Abstract:

We consider spectral functions f o lambda, where f is any permutation-invariant mapping from C^n to R, and lambda is the eigenvalue map from C^{n X n} to C^n, ordering the eigenvalues lexicographically. For example, if f is the function "maximum real part", then f o lambda is the spectral abscissa, while if f is "maximum modulus", then f o lambda is the spectral radius. Both these spectral functions are continuous, but they are neither convex nor Lipschitz. For our analysis, we use the notion of subgradient extensively analyzed in Variational Analysis, R.T. Rockafellar and R. J.-B. Wets (Springer, 1998), which is particularly well suited to the variational analysis of non-Lipschitz spectral functions. We derive a number of necessary conditions for subgradients of spectral functions. For the spectral abscissa, we give both necessary and sufficient conditions for subgradients, and precisely identify the case where subdifferential regularity holds.
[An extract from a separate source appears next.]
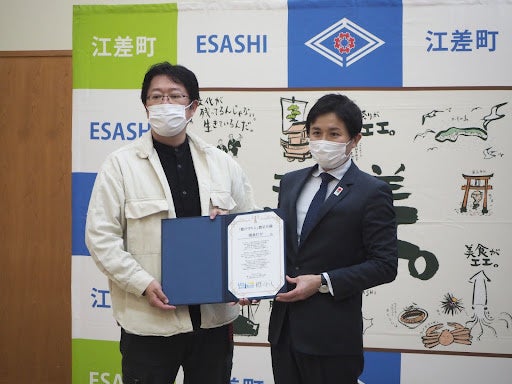 北海道江差町「鴎島灯台」を擬人化したキャラクターが完成!「燈の守り人」製作委員会プロデューサーが照井誉之介町長を表敬訪問しキャラクター贈呈式を実施しました

We conclude by introducing the notion of semistable programming: minimizing a linear function of a matrix subject to linear constraints, together with the constraint that the eigenvalues of the matrix all lie in the right half-plane or on the imaginary axis. This is a generalization of semidefinite programming for non-Hermitian matrices. Using our analysis, we derive a necessary condition for a local minimizer of a semistable program, and give a generalization of the complementarity condition familiar from semidefinite programming.